Last summer he spent half his break auditioning for NBC’s unscripted singing competition series “The Voice” (more on that in a moment) and set off for Nashville.
There he recorded his latest album under Grammy-nominated producer Jim VanCleve and with backing from members of Grammy-winning band Mountain Heart, of which VanCleve is also a member.
A CD release party and concert will be the second major performance at the newly opened Main Street Studios on Nov. 15 and 16. Davis will be joined on stage by VanCleve, Josh Shilling and Seth Taylor of Mountain Heart.
In the living room of his parents’ home during a recent afternoon, Davis unleashed his decadent, smoky voice on an acoustic sampling of his “Who Should I Be?” track.
Influences of Dave Matthews Band and Jimi Hendrix are alive in his songs, though he’s only been playing guitar about four years.

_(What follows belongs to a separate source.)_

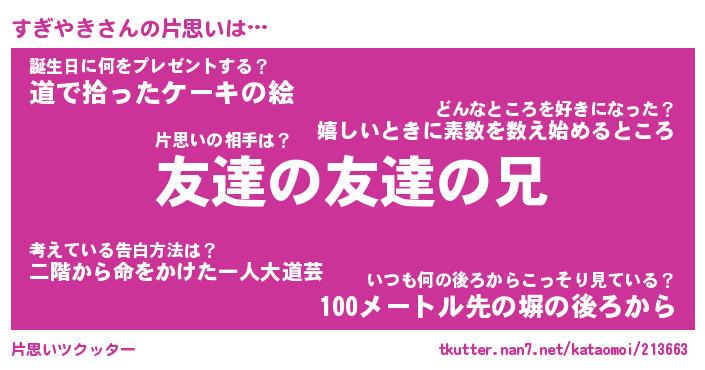 | ヘコむあだ名 | 『すぎっふぃ~』『牛乳』『すぎを』 |

Davis first picked it up in intermediate school and enrolled in the “Guitar Karate” class taught by his own mom, ReNae, a College Place Public Schools music teacher.
Students advance to the next level every time they master a particular song. Beethoven’s “Symphony No. 5” for a white belt, for instance. A black belt is achieved at “Sweet Home Alabama.”
Davis and his brother, Parker, now a film composition and music major at the Berklee College of Music in Boston, were both influenced heavily by their mom and dad. ReNae and Kevin Davis both have music degrees and spent some years in Los Angeles pursuing their art before making their way to Walla Walla.
ReNae continued in teaching music, and Kevin is a designer, leading the restoration of historic homes and commercial properties.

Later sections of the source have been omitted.